Great advice. Super video. Much appreciated. I'm in the middle of refurbishing an old Eico signal tracer. So, this topic was right on for me. Thanks.
I would check the actual value of the surrounding resistors first, but with metal film types readily available, and more reliable than carbon film, a good idea to replace, given their location near a metal can capacitor you are replacing anyway. Thanks for the post. A very comprehensive description, and only one point I would make is about the wax-paper capacitors which operate with high voltage, to check for leakage, and replace with mylar types, less prone to leakage. Their failure can present symptoms similar to poor emission from a tube...
EDIT: Well i had ordered some regular aluminum electrolytic radial capacitors in modern values to replace an on multi stage 80 uf x 80 uf x 40 uf (all at 300 vdc) right after watching this video. But i couldnt help but think about how the current multi stage cap was obviously bloated and bad and how it would be an eye sore to keep it in and stuff it with new caps or just place the new caps under it. So i thought it couldnt hurt to request a quote from Hayseed Hamfest. I will say it did take them about a week to get me the quote and the invoice but i was pleasantly surprised to find that they could do it for $27 pus $6 for shipping. I think thats a great deal for a custom cap if youre working on a project where you care to keep the original aesthetics of the components as close to original as possible. Or if you just dont have the available space for individual caps. And i was also really impressed with Hayseed Hamfest's options. They were able to made me a damn near exacting match with the only difference being the new cap will be slightly shorter (by request). They even let you pick the color codes for each capacitance value. And they seemed very professional and capable in all our correspondence. Now i cant in good faith recommend them until i have seen my order through to its testing and installation whenever it arrives in a few months but i will say that im really happy to know that this is an option at such a reasonable price..
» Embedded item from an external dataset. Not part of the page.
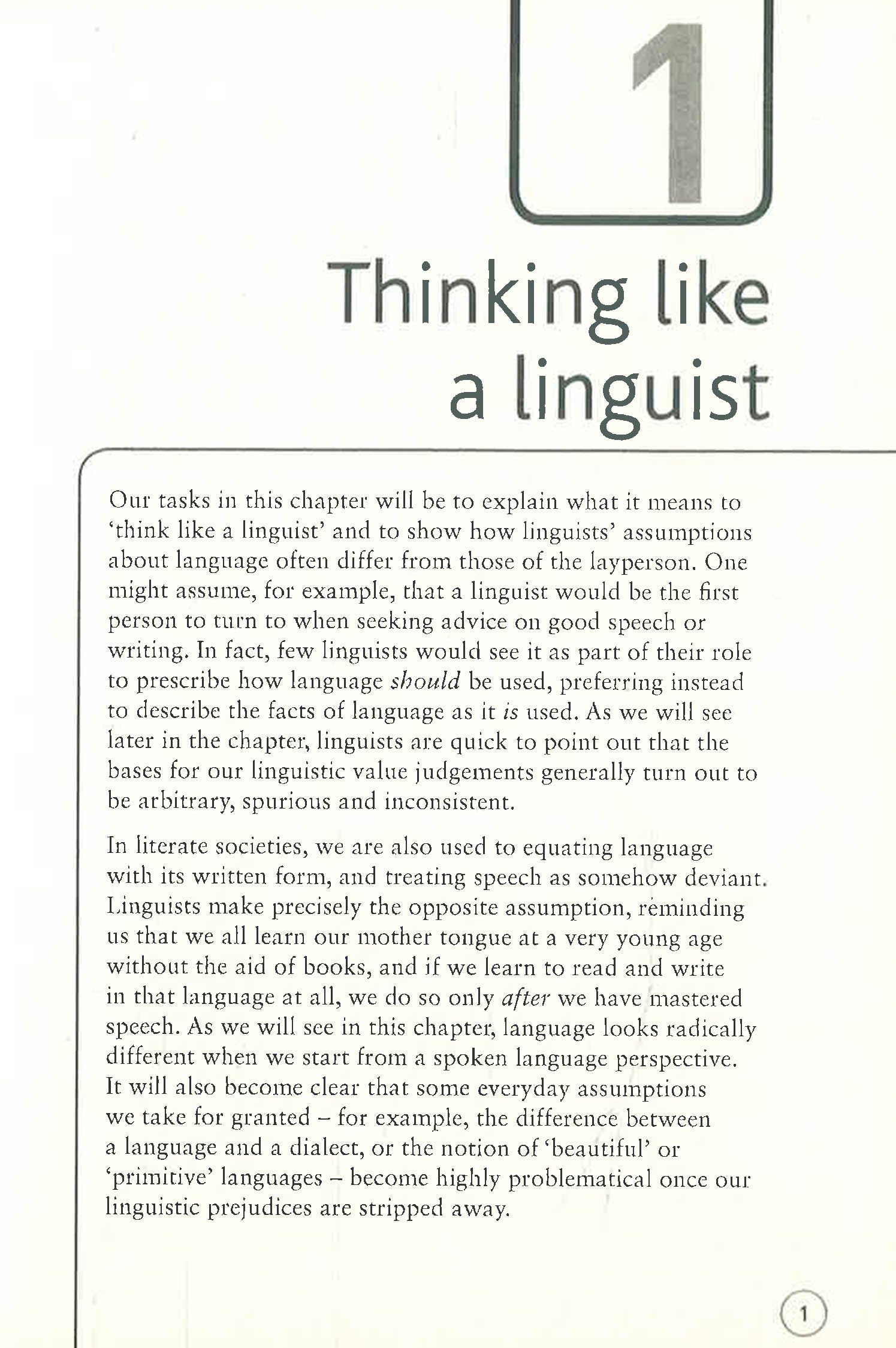 separate chapters focusing on linguistic thought, syntax, sound systems, morphology,

This was absolutly wonderful information. Im a guitar player who builds guitars, pedals and does mods and repairs to tube an solid state amps as a hobby. But recently i bought my grandfathers home after he passed away and moved in. He was a radio operator in WWII and a HAM radio operator from the time he returned from WWII until his passing. So when i moved in i noticed an old redio in the barn he must have used while he was out there working. And i looked it up and found a similar model that was a Solid State version and assumed it was also a solid state version.....sadly it wasnt. And now about 5 years later when going to fix it ive discovered it to be a tube radio lol. I would have loved to fix it sooner had i known. Anyways, most of my repair and mod work on tube amps has been one modern equipment so these multi stage caps are new to me. My grandfathers radio that im fixing up is a Realtone Mutiplex with 12 tubes (6BM8 based power section). And it has a multistage capacitor thats 80uf x 80uf x 40 uf that is certainly bad, not completely unfunctional but close enough lol. Try as i might i wasnt able to find an exact replacement anywhere and i was wondering if i could use three stand alone radial caps instead on a diy board or possibly concealed in a tube with the dimensions of the original multi stage cap. So this video was exactly what i wanted to see. To the point and gave me exactly the info i was after. Thank you very much for taking the time to put this together. Looking forward to checking out your other content!
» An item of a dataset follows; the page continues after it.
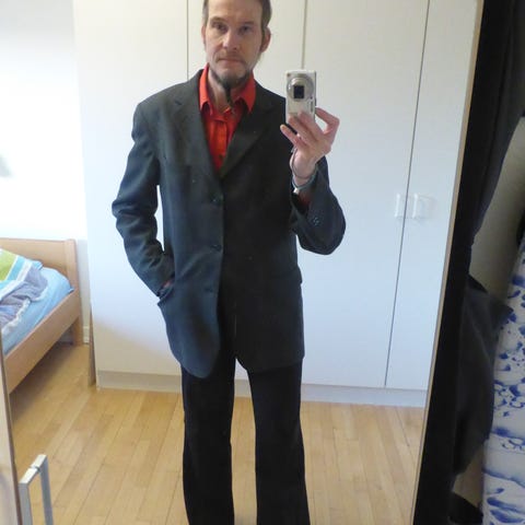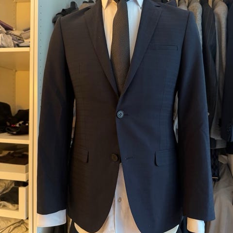 Jeg har siden lagt mig en del ud, så jeg kan desværre ikke længere passe jakkesættet, der er i fin stand.

My biggest problem is getting a case shock, almost 90 volts ac on the outside of my SX-99 Hallicrafters. Looks like you have set my mind to it as you made me more comfortable, thank you KG5AJP
Would you consider making a video on the process of re-stuffing a can cap for those non USA fan boys that haven't access to these companies.
Thanks Mark for your very educational uploads. I'm learning something new with every one.
A "NOS" cap is often in worse condition than the one your replacing. NOS caps have not had power applied to them for possibly decades. The caps in your equipment at least have been used over their lifetime and reform slightly every time you power the device on. I have had customers send in equipment with a set of NOS caps to use and when tested the NOS caps were worse than the ones in the radio.
agreed
NOS metal film and micas seem to hold up. Electrolytics and ceramics get yanked out
Thank you for this, because I have two record players that I've bought from someone, and one is in rougher shape than the other. They're both Newcomb's, and I have a model ED-10 and an ED-10C (the smaller version). I'm trying to replace the capacitors in both of them.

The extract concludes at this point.